The first, and most reassuring thing to note is that the language families as identified by linguists are largely placed together. The Australians have a complicated structure but they are classified together (the bottom half of the phylogram above the Hmong). Ditto the Hmong and the Khoisan. The fact that recognized phyla are generally classified together is very strong evidence of a population history signal in phonemic data.
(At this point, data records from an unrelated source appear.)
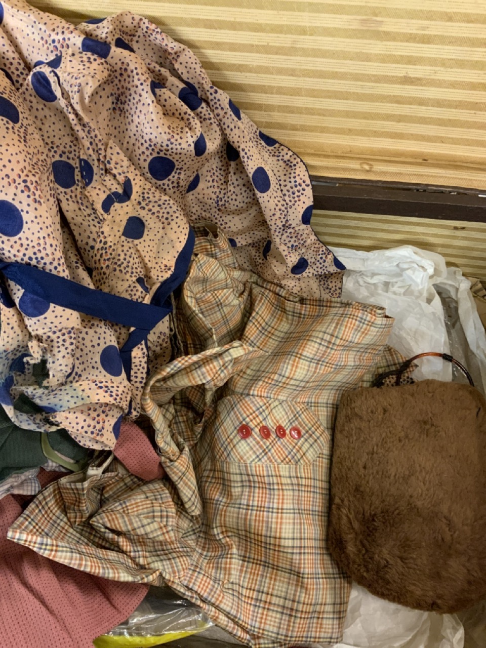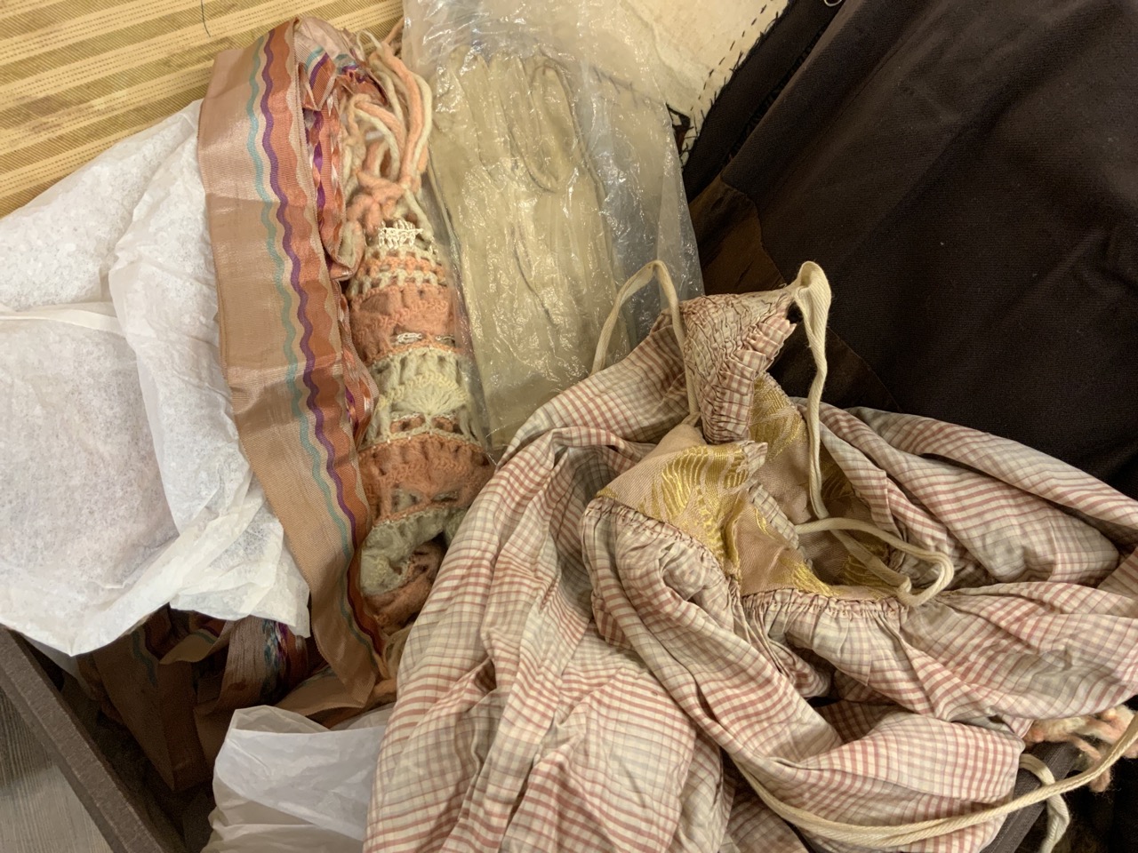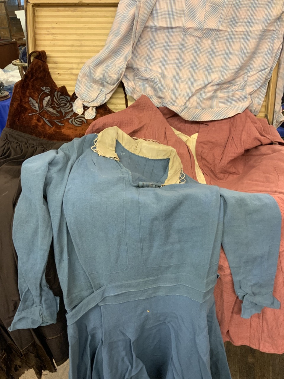 Trunk of early 1900's clothing. 1920's wool dresses, silver embroidered dresses with silver clips, assorted tops etc. Please see photograph preview or call. Sold As Is. Expect damage.
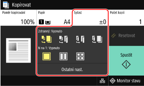 Kromě základních nastavení kopírování má zařízení také nastavení pro oboustranné kopírování, nastavení jakosti obrazu a další nastavení podle originálu a účelu. K nakonfigurování těchto nastavení použijte obrazovku kopírování.
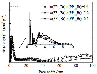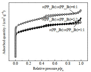 从图 4中可以看出,当n(PP1, 4Br)/n(PP1, 8Br)=6:1时,在相对压力p/p0较小时,曲线直线上升,N2吸附量快速增长,迅速达到饱和状态,说明晶体样品具有较多的微孔孔道结构;当相对压力为0.5附近有明显的滞后环,这是由于发生了中孔毛细管现象,证明分子筛中存在均匀分布的介孔;n(PP1, 4Br)/n(PP1, 8Br)为5:2和1:1时制得的分子筛,在相对压力较低时曲线依然为直线上升,虽与n(PP1, 4Br)/n(PP1, 8Br)=6:1制得的分子筛有所差别,仍可证明其存在大量的微孔结构;3条曲线在相对压力p/p0达到0.9时,均出现一定程度的跃升,说明分子筛内有一定的介孔或较大孔存在。
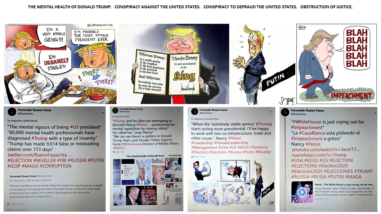 FERNANDO ANTONIO RUANO FAXAS. PELOSI. WHITE HOUSE. ELECTION. RUSSIA. PUTIN. MUELLER. FBI. THE MENTAL HEALTH OF DONALD TRUMP. CONSPIRACY AGAINST THE UNITED STATES. OBSTRUCTION OF JUSTICE
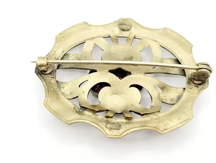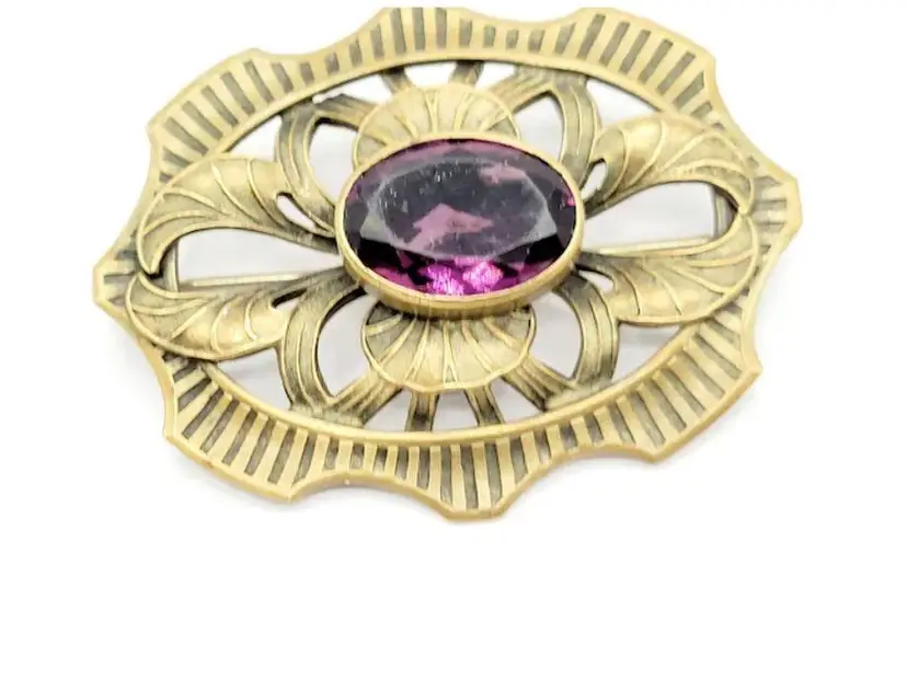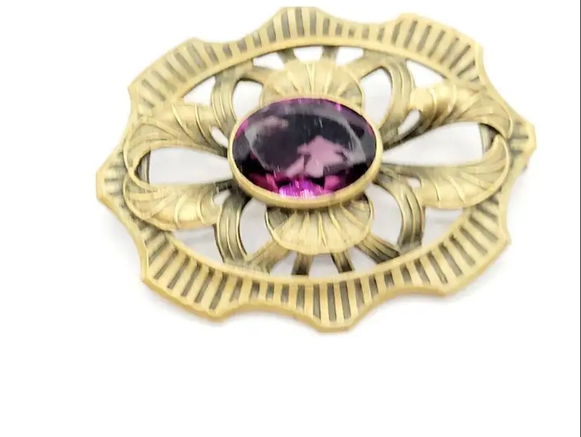 Nice older sash pin, its pretty heavy, has the c clasp, and is brass. Multi faceted glass stone, there are a few tiny flea bites here and there, which is typical in these older glass pieces, nice detailing to the setting, 2.5" by 2".

The big anomaly is the classification of New Guinea languages. Unlike Australian, Khoisan, and Hmong languages, the Trans-New Guinea phylum does not cluster together. Rather there seem to be meaningful multiple clusters of languages that have been classified as falling within the Trans-New Guinean family. This is quite possibly due to the fact that New Guinea served as the shatter-belt par excellence in our deep history. What this phylogram suggests is that scholars may have misclassified New Guinea languages; in particular by not recognizing enough language families on this extraordinarily diverse island.
In Figure 4 we have folded up the tree to reveal the underlying big relationship together with the great anomalies. The collapsed subtrees and branch nodes are labeled in blue. Those that are not labeled “Branch #” are subtrees with many languages in the same family underneath. The anomalies are interesting. Why is the language of Indian aborigines close to Khoisan languages in Africa? Why is one Andamanese language classified with Sahul languages and another with Basque in Europe and the Hmong in China? Even more intriguing is the phylogenetic affinity (surely spurious) between the Hmong and Australian families. So some of these anomalies are probably random. But others correspond to actual population history. Recall that the speakers of the predecessors of these languages probably occupied much larger areas than they do at present. The most striking feature of course is the phonemic incoherence of languages folded into the Trans-New Guinea. Above all else, what it attests to is the sheer variation in New Guinea. Could the island have served as a shatter-belt in the Pleistocene?
This is a work in progress. My goal is to cointegrate the information from physical anthropology, paleontology, archaeology and linguistics to tell a more compelling history of the Pleistocene than has so far been on offer. Bear with me.